# [PROMPT]
In the copy, every line of the material that follows must appear exactly, and no pictures should.
SUPPLIED INFORMATION Block Start
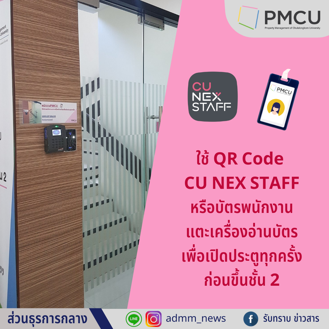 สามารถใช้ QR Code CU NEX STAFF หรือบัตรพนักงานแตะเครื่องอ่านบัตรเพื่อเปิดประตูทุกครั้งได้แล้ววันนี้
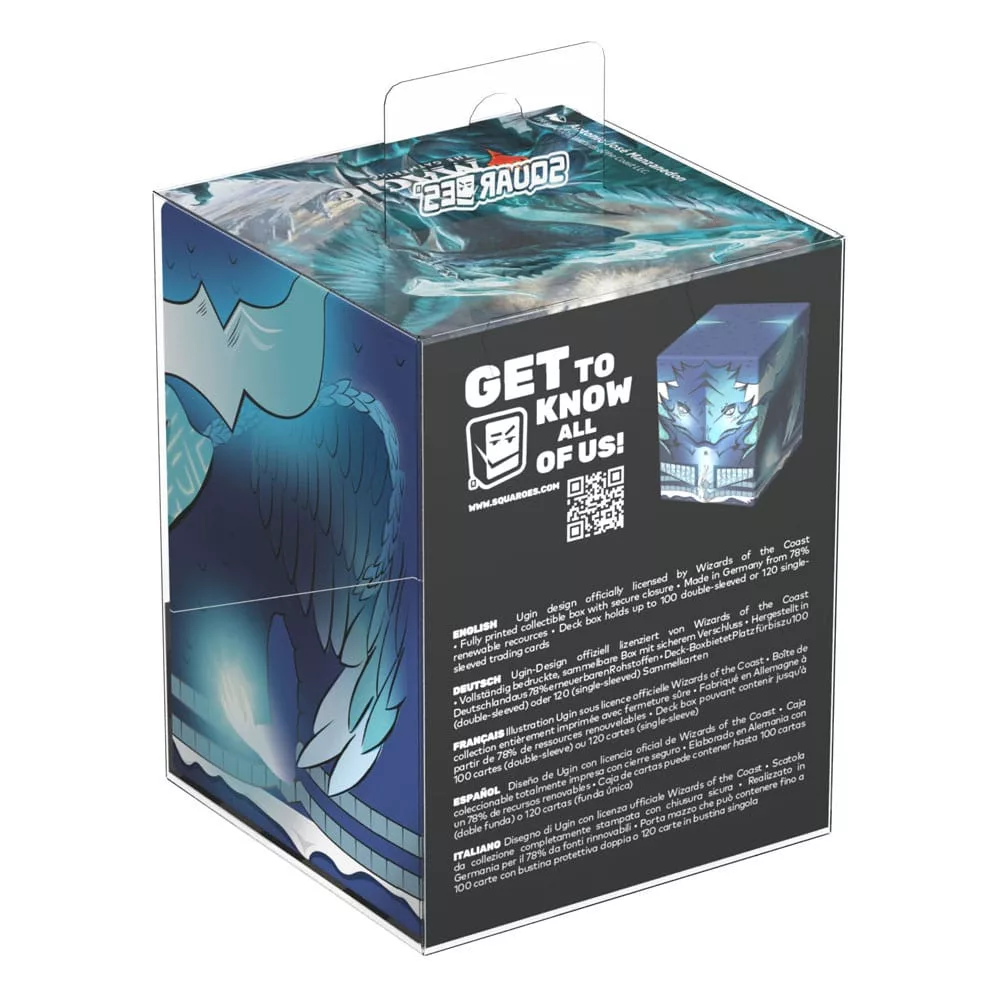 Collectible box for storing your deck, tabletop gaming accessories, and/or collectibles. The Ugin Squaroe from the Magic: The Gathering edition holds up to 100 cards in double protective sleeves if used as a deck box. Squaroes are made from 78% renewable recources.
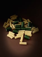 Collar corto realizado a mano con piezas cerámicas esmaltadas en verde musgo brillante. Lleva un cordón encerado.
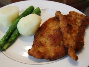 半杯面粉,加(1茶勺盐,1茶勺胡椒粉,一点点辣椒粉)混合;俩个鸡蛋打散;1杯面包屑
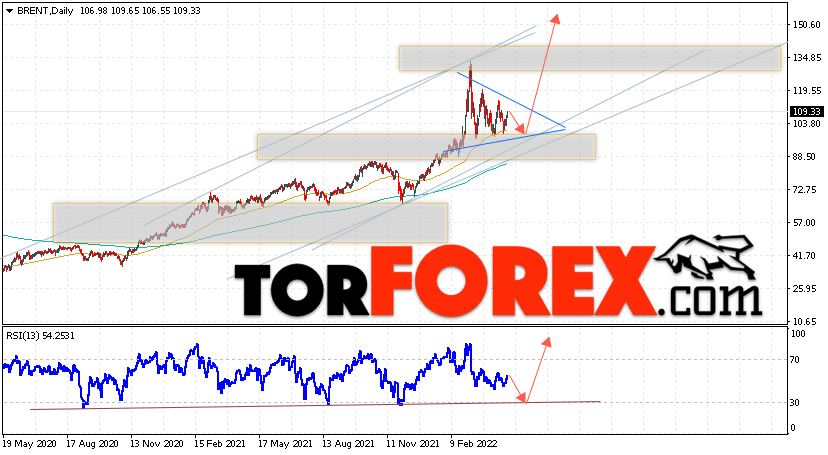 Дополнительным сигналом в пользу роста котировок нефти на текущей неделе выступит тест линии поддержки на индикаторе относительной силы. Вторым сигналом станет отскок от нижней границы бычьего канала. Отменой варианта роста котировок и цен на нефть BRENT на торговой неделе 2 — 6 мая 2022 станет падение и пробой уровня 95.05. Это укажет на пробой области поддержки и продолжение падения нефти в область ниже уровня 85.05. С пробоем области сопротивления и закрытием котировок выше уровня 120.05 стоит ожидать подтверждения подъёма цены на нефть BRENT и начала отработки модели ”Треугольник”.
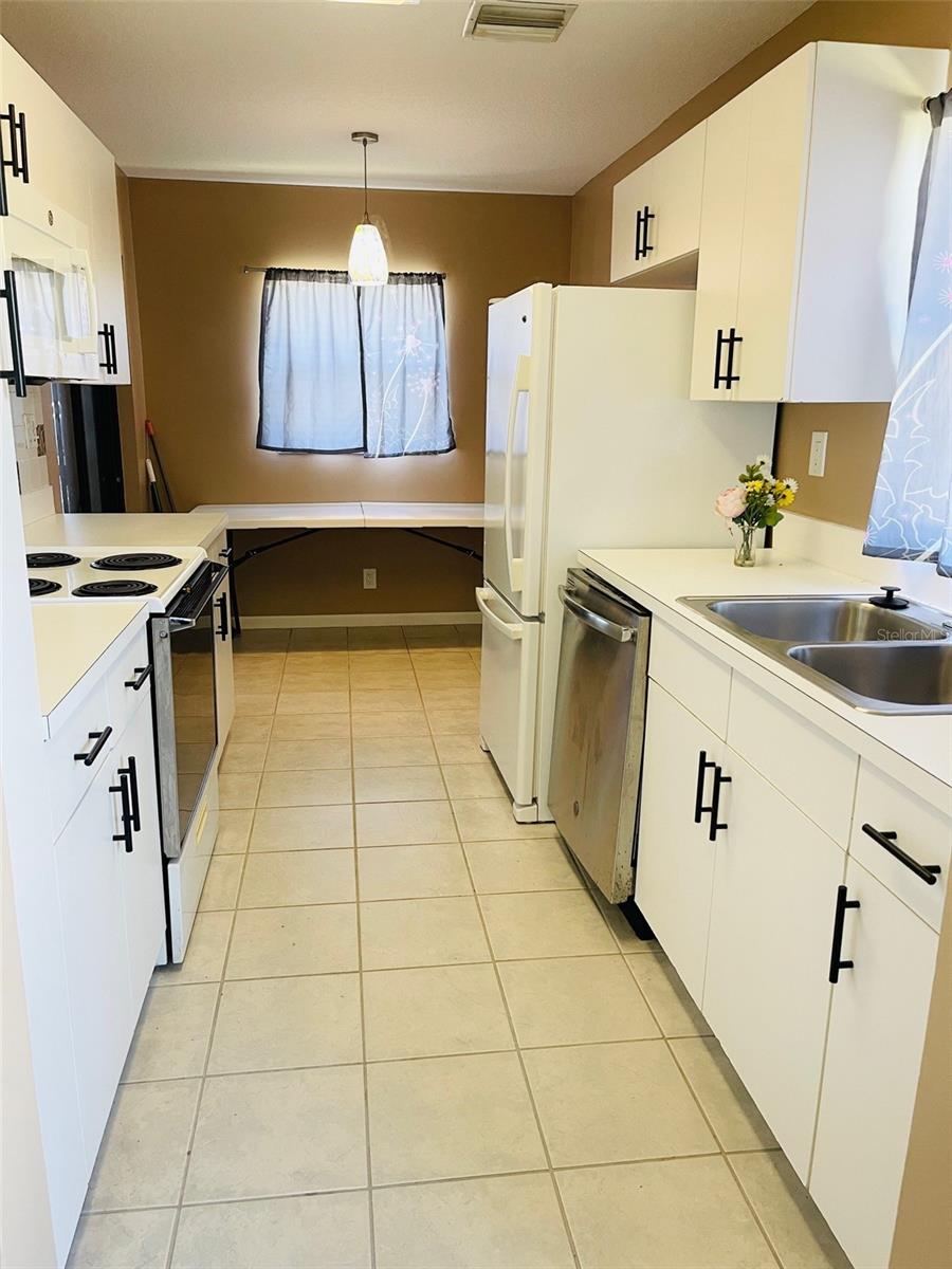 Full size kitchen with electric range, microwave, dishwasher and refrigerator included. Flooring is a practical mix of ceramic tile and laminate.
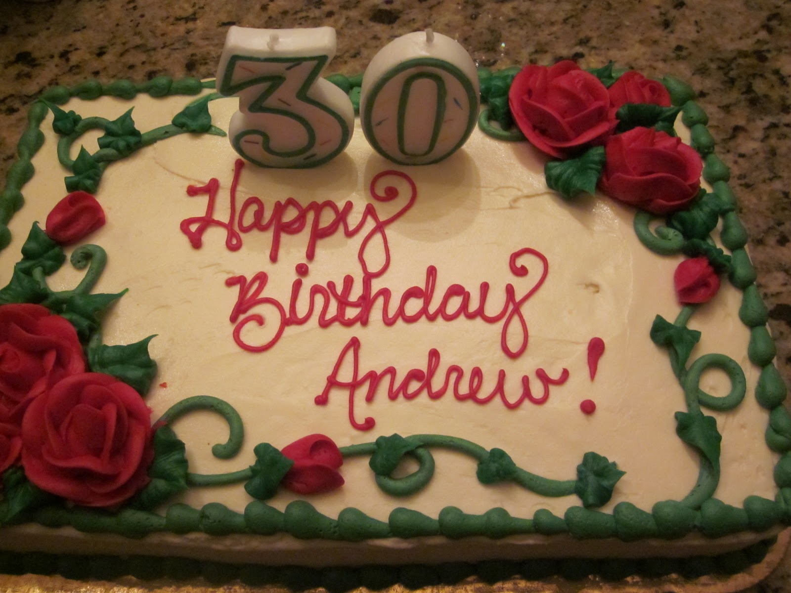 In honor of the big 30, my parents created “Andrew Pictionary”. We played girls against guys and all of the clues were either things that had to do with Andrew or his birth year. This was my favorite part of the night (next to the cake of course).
SUPPLIED INFORMATION Block End
# [RESPONSE BOX]
 สามารถใช้ QR Code CU NEX STAFF หรือบัตรพนักงานแตะเครื่องอ่านบัตรเพื่อเปิดประตูทุกครั้งได้แล้ววันนี้
 Collectible box for storing your deck, tabletop gaming accessories, and/or collectibles. The Ugin Squaroe from the Magic: The Gathering edition holds up to 100 cards in double protective sleeves if used as a deck box. Squaroes are made from 78% renewable recources.
 Collar corto realizado a mano con piezas cerámicas esmaltadas en verde musgo brillante. Lleva un cordón encerado.
 半杯面粉,加(1茶勺盐,1茶勺胡椒粉,一点点辣椒粉)混合;俩个鸡蛋打散;1杯面包屑
 Дополнительным сигналом в пользу роста котировок нефти на текущей неделе выступит тест линии поддержки на индикаторе относительной силы. Вторым сигналом станет отскок от нижней границы бычьего канала. Отменой варианта роста котировок и цен на нефть BRENT на торговой неделе 2 — 6 мая 2022 станет падение и пробой уровня 95.05. Это укажет на пробой области поддержки и продолжение падения нефти в область ниже уровня 85.05. С пробоем области сопротивления и закрытием котировок выше уровня 120.05 стоит ожидать подтверждения подъёма цены на нефть BRENT и начала отработки модели ”Треугольник”.
 Full size kitchen with electric range, microwave, dishwasher and refrigerator included. Flooring is a practical mix of ceramic tile and laminate.
 In honor of the big 30, my parents created “Andrew Pictionary”. We played girls against guys and all of the clues were either things that had to do with Andrew or his birth year. This was my favorite part of the night (next to the cake of course).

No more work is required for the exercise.